$\require{cancel}$

Floating Point Numbers

Floating point numbers are the other basic number type.
- Numbers with values to the right of the decimal point 3.15
- Really small numbers $1.0 \times 10^{-20}$
- Really big numbers $1.0 \times 10^{30}$
Floating point types
- float is the standard and what you should use unless there is a justification for more.
- double is potentially bigger than a float
- long double is potentially bigger than a double.
- There is no unsigned.
Floating point literals
- reference.
- 1.0, if you don't include the .0 the compiler will make it an integer type.
- 1.0e12, 1.0e-12
- These are all doubles by default.
- 12.032l is a long double.
- -3.3e-11f is a float.
Output
- The stream attempts to present the number in the best format for the size.
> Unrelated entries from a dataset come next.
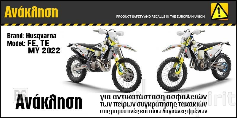 Ανάκληση μοτοσικλετών Husqvarna μοντέλα FE, TE – MY 2022 προκειμένου να γίνει αντικατάσταση των ασφαλειών των πείρων συγκράτησης των τακακιών στις μπροστινές και πίσω δαγκάνες φρένων
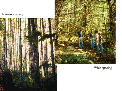 When trees are grown at narrow spacing, they often slow in diameter before they are large enough to be thinned for profit.The diameter of the tree at the time diameter growth slows is quite predictable. For example, in Douglas-fir trees planted at 8 X 8 foot spacing (680 trees/acre) diameter growth slows dramatically when the average tree is ~8 inches DBH. Douglas-firs planted at 12 X12 foot spacing (300 trees/acre) slow at about 11 inches DBH (Oliver et al. 1986). If an investment is not made to precommercially thin the stand, the trees may grow more in height, but not diameter, which makes the trees increasingly unstable (Figure 17, left). Eventually the stand will stagnate and the trees will bend or blow over in winds or wet snows. Planting trees at wide spacings avoids the costs of precommercial thinning and delays the danger of stagnation, but can create very large branches that devalue the tree for timber (Figure 17, right). Pruning trees can also avoid the large branches; however, pruning many trees at narrow spacings is expensive and does not allow the pruned trees to grow rapidly in diameter (Figure 18, left). Pruning fewer trees at wide spacings costs less and allows the pruned trees to grow clear wood rapidly (Figure 18, right).
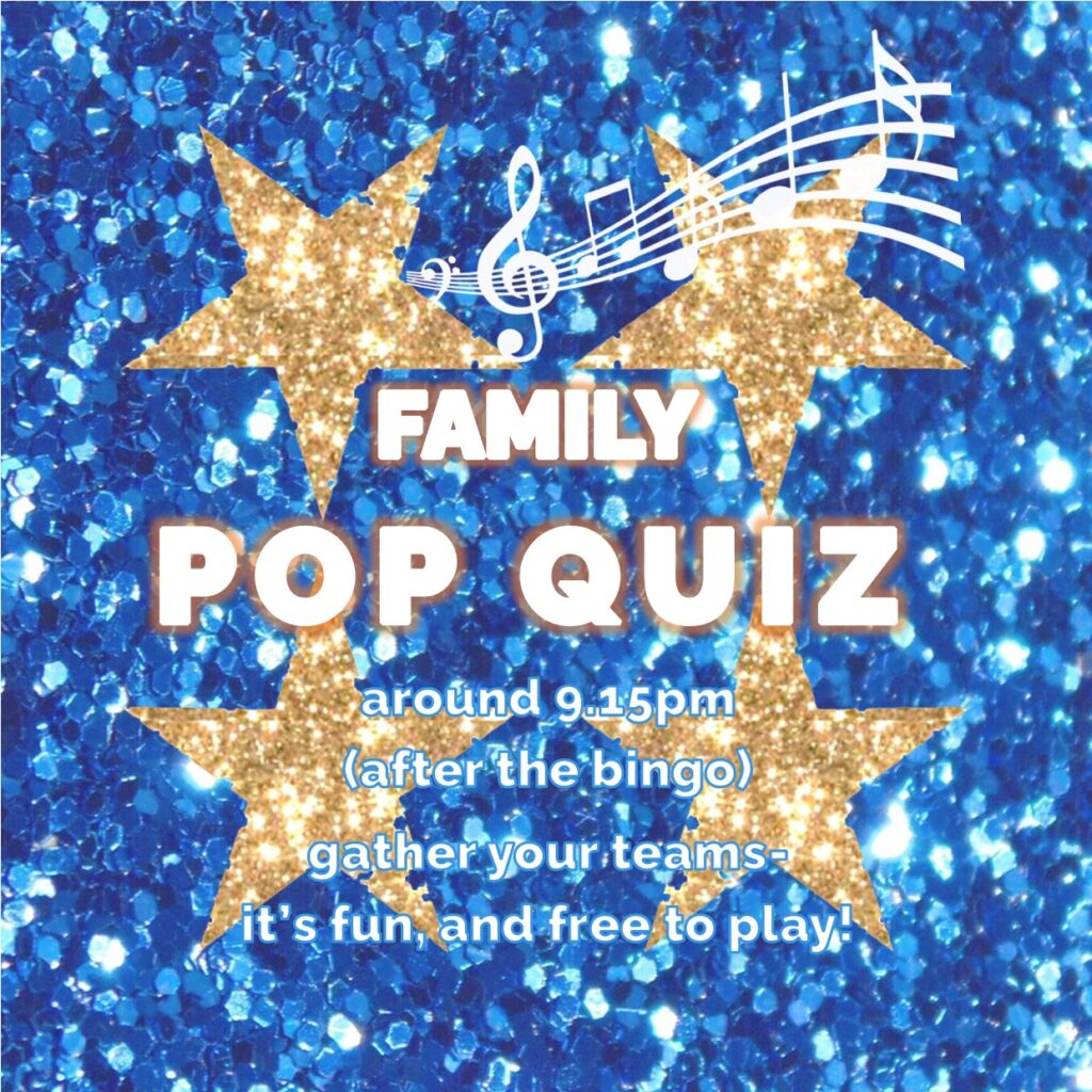 After the children’s fun and games with Ian and Julie, and bingo, it’s the family pop quiz in Oscar’s (not before 9pm)
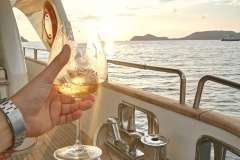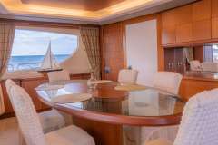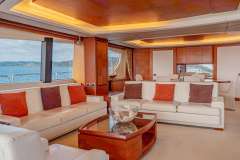 Further enhancing the experience are amenities like a swim platform, deck shower, Jacuzzi, and spacious sunbeds, accompanied by a barbecue grill and alfresco dining area. Once aboard, the allure of land diminishes as the yacht comfortably accommodates up to eight guests across four staterooms with en-suite baths, attended to by a seasoned crew of four. Whether embarking on a leisurely day trip along the inter-coastal waters or embarking on a grand charter adventure, this yacht promises an unmatched experience.
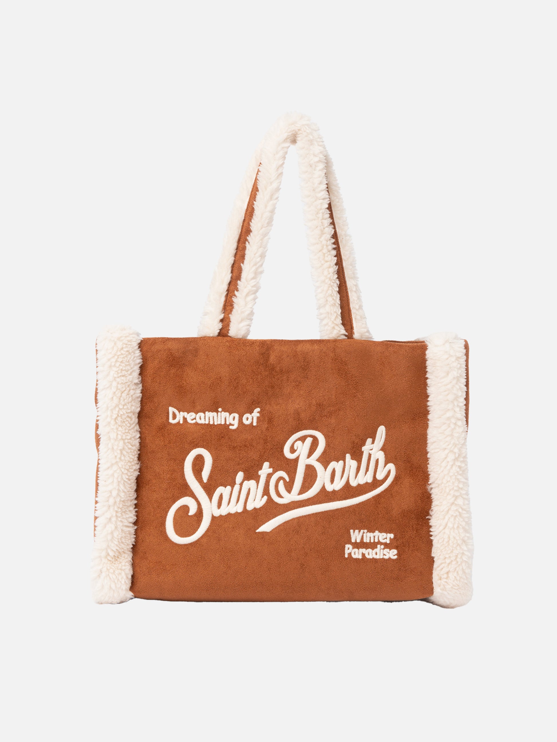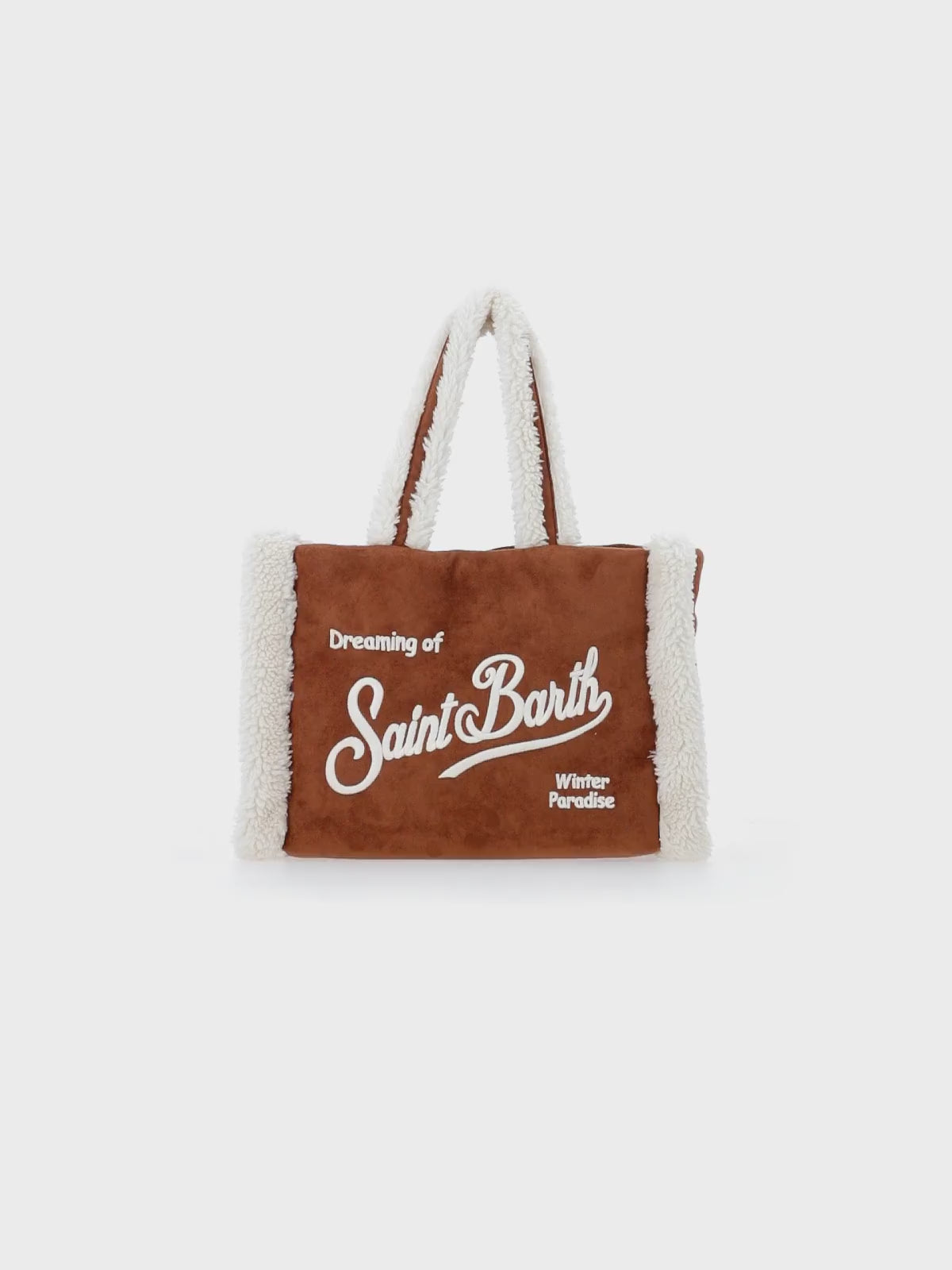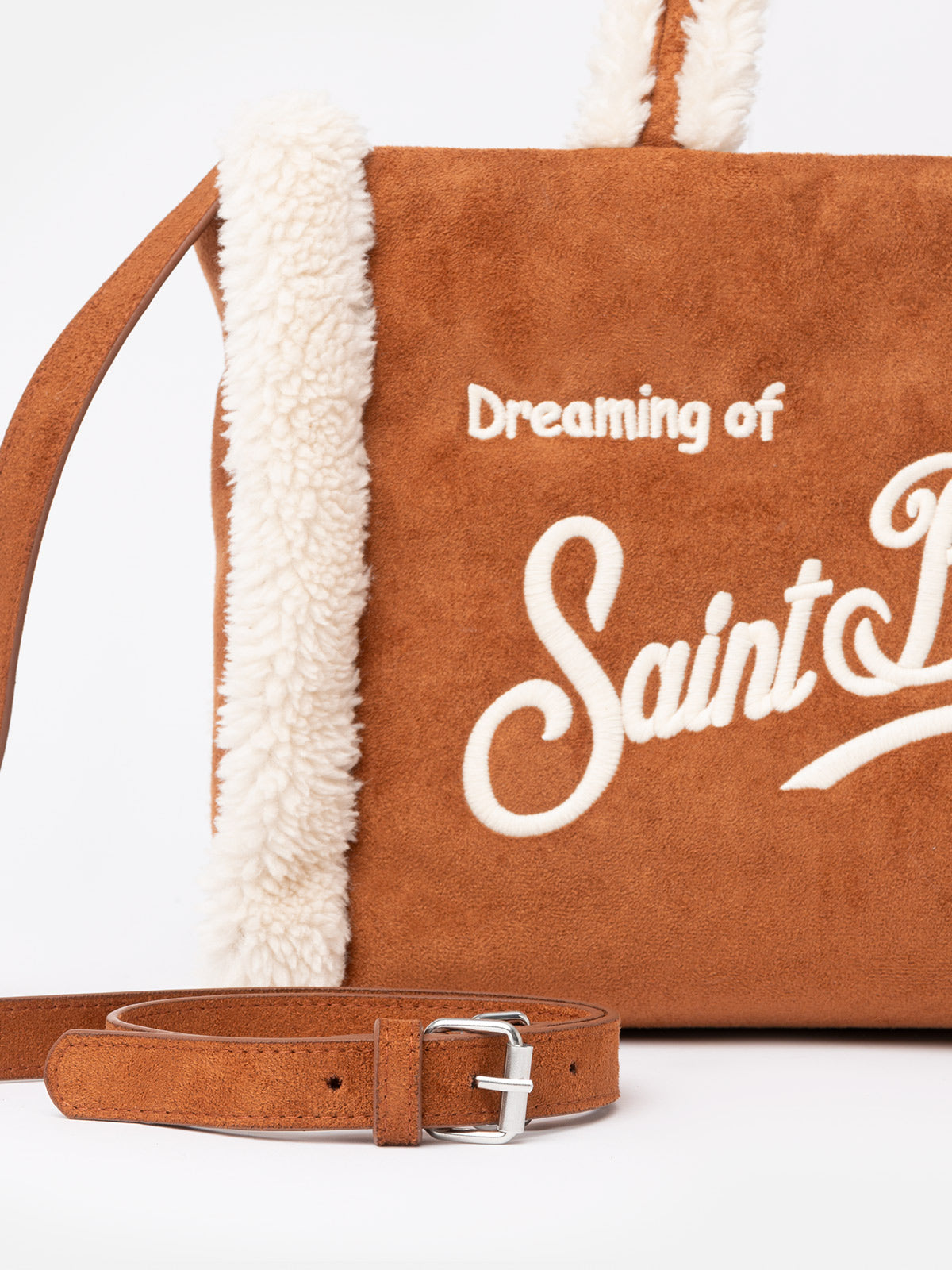 Kamelbraune Soft Bag Small mit Saint Barth Logo und Schultergurt

- See the first part of floatDemo.cpp
There are a few useful I/O manipulators
- showpoint: forces floating point numbers to have a decimal point, even if they are integers.
- fixed, scientific, defaultfloat : set the format for the number (reference.
- setprecision(n) : set the number of digits to display. (reference.
Input
- We can read in many formats.
- 1 // as an int followed by a space
- 1.02
- .023
- 1.0e2
- 1.0e-4
- We might encounter roundoff error.
A quick look at the limits:
- Remember #include <limits>
- Remember: numeric_limits<type> :min(), (max)
Weird floating point stuff
- Overflow and Underflow.
- The GAP: the space between any two numbers.
- Roundoff error is when the result falls into the gap, the answer is not correct.